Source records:
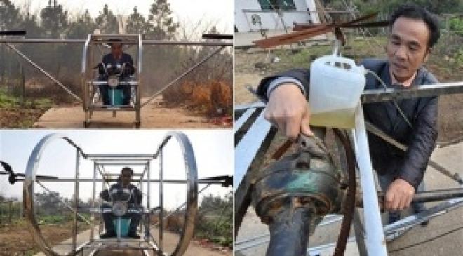 استطاع مزارع صيني كسب الرهان بنجاحه في تصنيع طائرة هيلوكبتر قادرة على الطيران، باستخدام بعض البقايا المعدنية وقطع غيار لدراجة نارية قديمة.
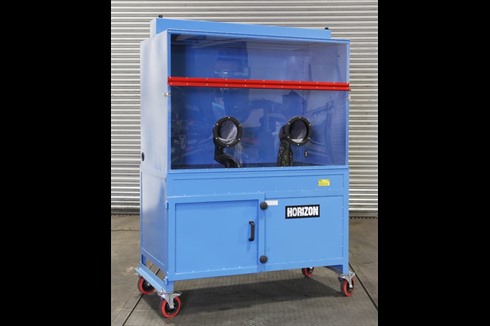 Enclosed downdraught work bench with see through front panel and twin gauntlets give the operator total protection from nuisance dusts. Connection to an external dust extraction unit will be required to remove the dust to a suitable collection point.
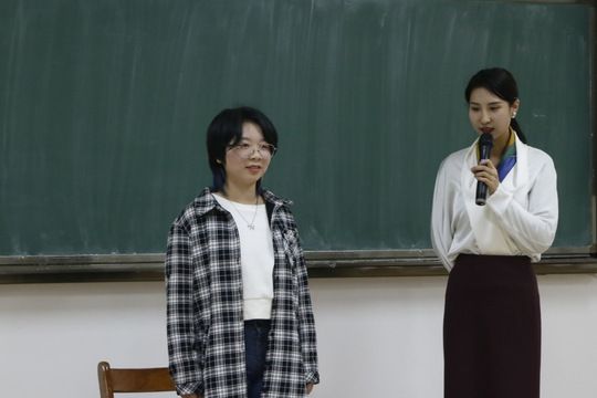 首先,夏心雨同学向同学们简要说明了“职行中南”职场礼仪大赛的赛程赛制,并介绍了本次培训会的主讲嘉宾张荟卿老师。曾担任去年线上培训会主讲嘉宾的张荟卿老师表示非常高兴能够受邀参与本次线下培训会,并用幽默风趣的语言鼓励大家积极互动。
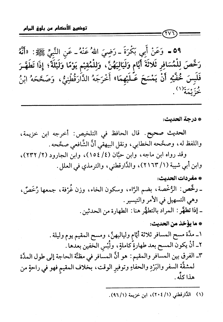 59 - وَعَنْ أَبِي بَكْرَةَ -رضي الله عنه- عَنِ النَّبِيِّ -صلى الله عليه وسلم-: "أَنَّهُ رَخَّصَ لِلْمُسَافِرِ ثَلَاثَةَ أَيَّامٍ وَلَيَالِيَهُنَّ, وَلِلْمُقِيمِ يَوْمًا وَلَيْلَةً؛ إِذَا تَطَهَّرَ فَلَبِسَ خُفَّيْهِ أَنْ يَمْسَحَ عَلَيْهِمَا" أَخْرَجَهُ الدَّارَقُطْنِيُّ, وَصَحَّحَهُ ابْنُ خُزَيْمَةَ (¬1).
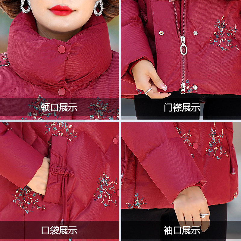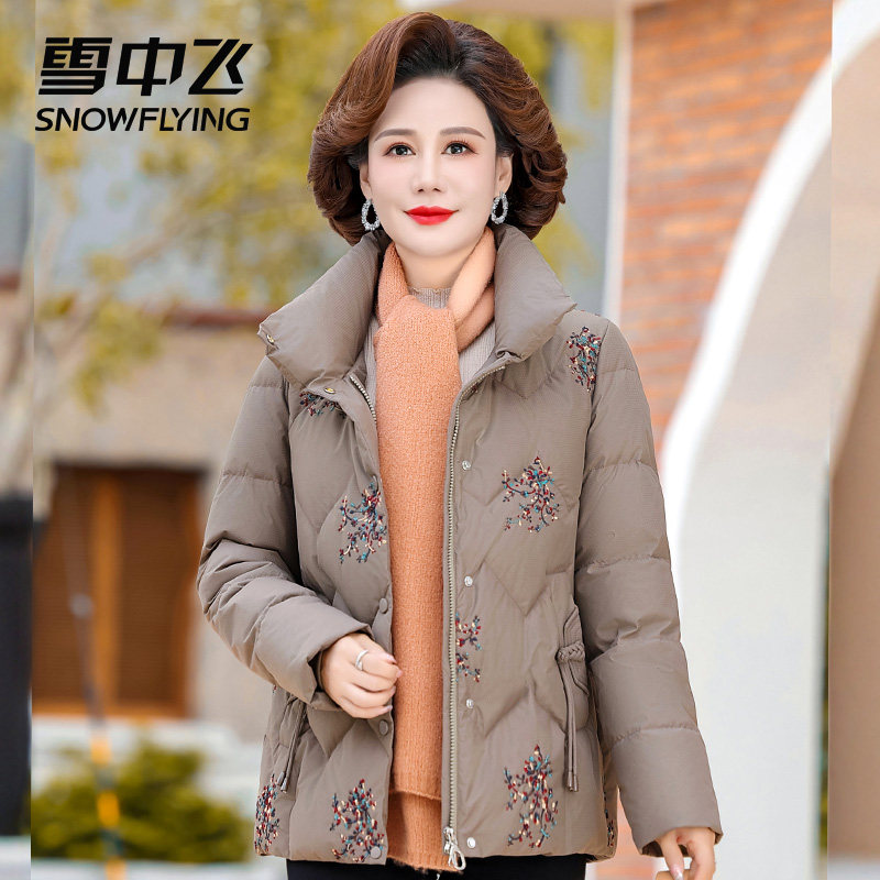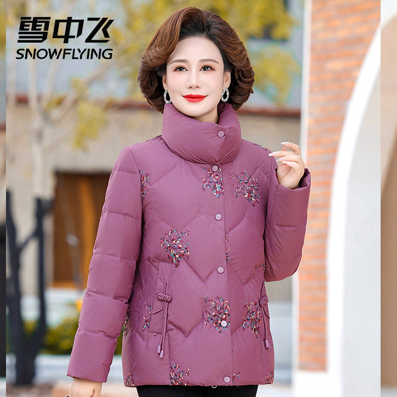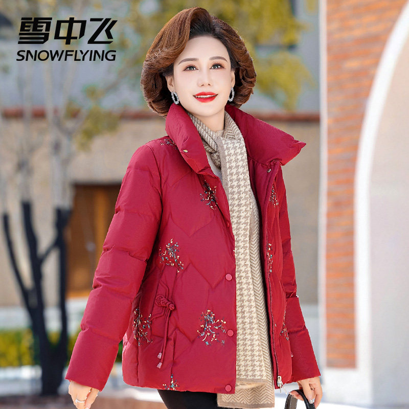 📚 雪中飞时尚绣花羽绒服女款立领短版显身材妈妈装加厚保暖冬季外套

Exercise aim:
Your answer must be the exact lines from the records above, from the one containing "Enclosed downdraught work" through the one containing "首先,夏心雨同学向同学们简要", both included, with every picture left out.

Expected output:
 Enclosed downdraught work bench with see through front panel and twin gauntlets give the operator total protection from nuisance dusts. Connection to an external dust extraction unit will be required to remove the dust to a suitable collection point.
 首先,夏心雨同学向同学们简要说明了“职行中南”职场礼仪大赛的赛程赛制,并介绍了本次培训会的主讲嘉宾张荟卿老师。曾担任去年线上培训会主讲嘉宾的张荟卿老师表示非常高兴能够受邀参与本次线下培训会,并用幽默风趣的语言鼓励大家积极互动。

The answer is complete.